If we achieve that greater sense of local and public participation, this Government will have created a distinctive feel-good factor; not the so-called feel-good factor of the 1980s, which was based on narrow self-centredness and the exclusion of the poorest in our society, but a feel-good sense based on communities that meet needs and foster inclusion and cohesion. I believe that the money is now in the system to give us real hope that we can achieve such a society.

9.12 pm

Mr. Alex Salmond (Banff and Buchan): Thank you, Madam Deputy Speaker, for calling me at the climax of this debate. I have sat here for some four hours plus, and I have listened to the debate ebb and flow, although I should say that it has mostly ebbed. [Interruption.] It is going to get better. At times, the Scottish Grand Committee has taken on a new and attractive light. If I followed the example of some hon. Members, I would leave precious little time for the Front-Bench spokesmen to sum up. I do not intend to do that, but I am strongly tempted, given the length of some of the contributions, particularly from those who discussed "productivity" in the public sector. I found that somewhat amusing.

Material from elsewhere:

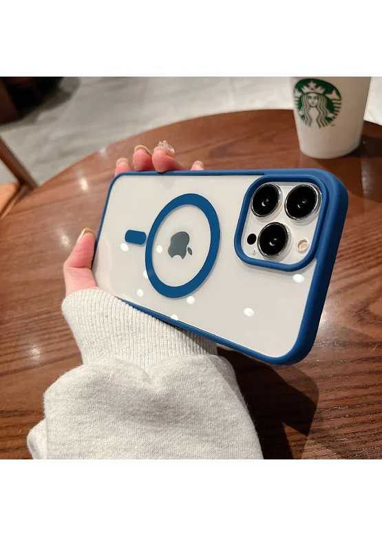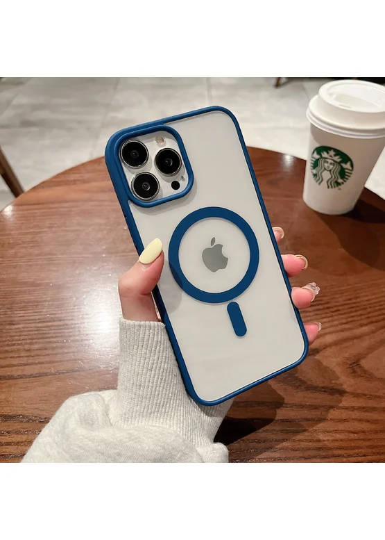 Дизайн чехла "Luxury Acrylic" with MagSafe также заслуживает внимания. Синий цвет придает телефону изысканный вид, а прозрачные вставки из акрила добавляют стиля и элегантности.
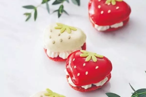 「アトリエ ドゥ ゴディバ」のホワイトデー&スプリングシーズン限定スイーツの中でも注目は、コロンとしたいちご型フォルムが愛らしい「苺のマカロン」。赤や白のマカロン生地で、フレッシュ苺や、いちごを煮詰めたコンポートを挟んでいる。

One of the "flows" in this debate was the first class contribution from the Chairman of the Select Committee, the hon. Member for Dumbarton (Mr. McFall). His was the most thoughtful speech by a mile. He argued that the Treasury forecasts are believable because public investment is very low as a percentage of gross domestic product—much lower than in the glorious reign of Baroness Thatcher, some 20 years ago. When asked whether that is a good thing for a Labour Member of Parliament, in particular, to be saying, the hon. Gentleman said that, in the Thatcher years, public investment was wasted on unemployment, but now it is diverted towards much more useful things. To some extent that is correct, but it is not the only point about the decline of public investment in the economy.

One example is gross public investment—investment in capital infrastructure in the public sector. In 1975, gross public investment in the UK was 8.9 per cent. of GDP; by 2000, it was 1.7 per cent. Even if we include private finance initiative schemes, that figure increases to only 2.1 per cent. The Wanless report was predicated on the argument that there had been £200 billion of underinvestment in the national health service over a generation. One difficulty that I have with the Treasury team's credibility as they deal with such points is that, for the past five years, the Chancellor of the Exchequer has argued that public investment and public spending has increased when it has not, and that taxation has not increased when in fact it has.

Mr. Tom Harris: I will keep this brief. The hon. Gentleman rightly referred to a low percentage of gross national product. Is he claiming that that represents a real-terms decrease? A percentage of a pie that is becoming bigger is not the same as a real-terms decrease. I hope that Hansard gets that right.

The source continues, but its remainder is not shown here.